S&P Global, a leading rating agency, recently acknowledged the potential of cryptocurrencies as a hedge against inflation. The New York-based agency stated that crypto assets could theoretically protect investors from the effects of inflation, especially in emerging markets where inflation is high. However, S&P Global also pointed out that there is a lack of data to support this popular narrative. The agency drew attention to the weak correlation between bitcoin and U.S. inflation expectations, emphasizing that the track record for crypto is too short to prove that it can serve as a store of value.
Crypto proponents believe that bitcoin, the largest digital asset by market value, can act as a store of value asset like gold. This is due to a programmed code that halves bitcoin’s pace of supply expansion every four years, which contradicts the ever-increasing fiat money supply globally. The broader crypto market, including decentralized finance (DeFi), is seen as an alternative to a centralized fiat banking system. However, S&P Global’s findings show that there is little association between the crypto market and inflation expectations.
S&P Global’s crypto index, S&P BDMI, has a historical correlation of just 0.10 with U.S. two-year and 10-year breakeven inflation expectations. The correlation between the rolling three-month returns for S&P BDMI and 10-year breakeven inflation expectations shows no conclusive pattern. A strong correlation of at least 0.75 might be needed to validate the inflation hedge narrative. Breakeven inflation rates are measures of investors’ expectations for inflation over a specific period derived by subtracting the yield on inflation-protected bonds from the yield on nominal bonds.

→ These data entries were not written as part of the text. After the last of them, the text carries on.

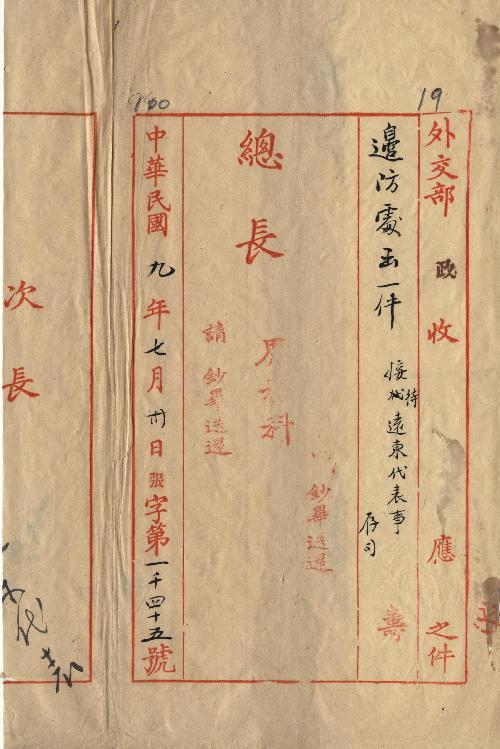 邊防處(民國09年07月)。[件名:接待遠東代表事]。《數位典藏與數位學習聯合目錄》。http://catalog.digitalarchives.tw/item/00/0a/ba/fe.html(2025/05/20瀏覽)。
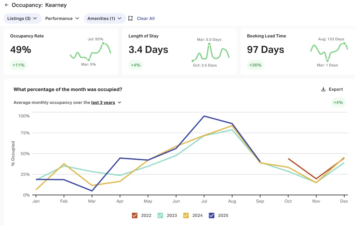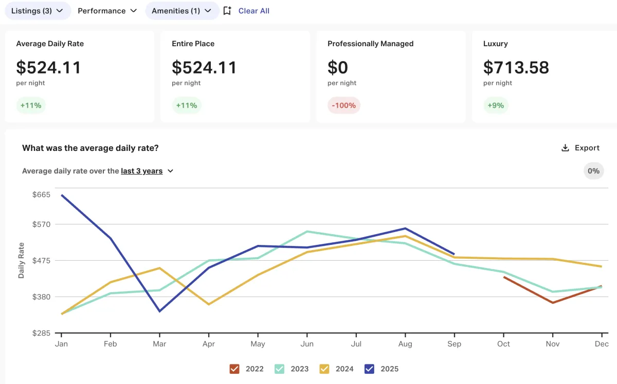 Below is data extracted from AirDNA. We analyze each property by looking at the yearly average performance data and our last years data to similar properties by bedroom, bathroom, quality, and guest count.
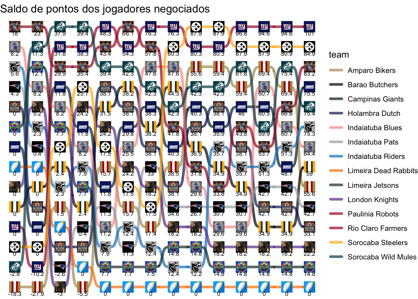 | Campinas Giants | 0.0 | 0.00 | 11.80 | 0.00 | 0.00 | 18.04 | 8.50 | 2.00 | 0.00 | -4.40 | 10.08 | 14.50 | -11.82 | 26.80 |
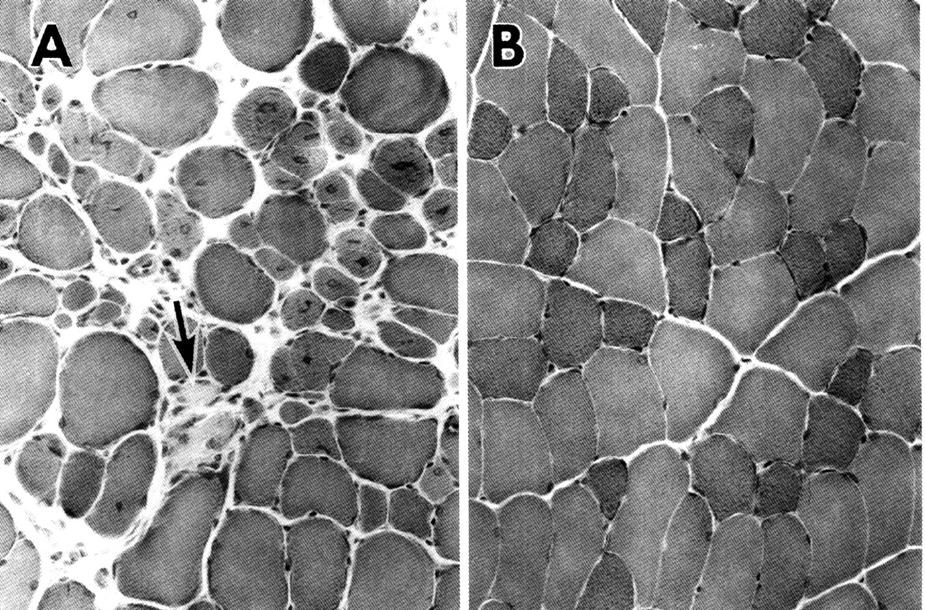 Muscular dystrophy. Reduced dystrophin expression in a cat colony U of Missouri-Columbia Reduced level of activity, stiff gait, and general skeletal muscle hypertrophy (involving tongue and diaphragm)

Despite the lack of correlation between the crypto market and inflation expectations, crypto assets seem to be sensitive to the cost of borrowing in the economy. They tend to move in the opposite direction of the U.S. two-year Treasury yield, which is more susceptible to interest rate expectations than longer duration bond yields. S&P Global’s chart shows an inverse relationship between the two.
Gold, on the other hand, has consistently tracked inflation expectations since 2013. S&P Global noted that there is evidence of Granger Causality between the 10-year Breakeven Inflation Expectation index and the S&P GSCI Gold index at a 95% confidence level. The Granger Causality test is a statistical hypothesis test for determining whether time series X is helpful in forecasting Y. However, the same test fails for Bitcoin.
Last year, bitcoin’s market value tanked by over 70% even though inflation in the U.S., as measured by the consumer price index, averaged 8%. The rolling three-month returns between the two show no conclusive pattern. S&P Global’s chart shows several periods where an increase in inflation expectations has failed to lift crypto market valuations. There have been periods when the two were simultaneously positive or negative.
In conclusion, S&P Global’s analysis suggests that while cryptocurrencies may have potential as a hedge against inflation, there is a lack of data to support this narrative. The weak correlation between the crypto market and inflation expectations indicates that cryptocurrencies cannot yet be considered a reliable store of value asset. However, crypto assets seem to be sensitive to the cost of borrowing in the economy and tend to move in the opposite direction of the U.S. two-year Treasury yield.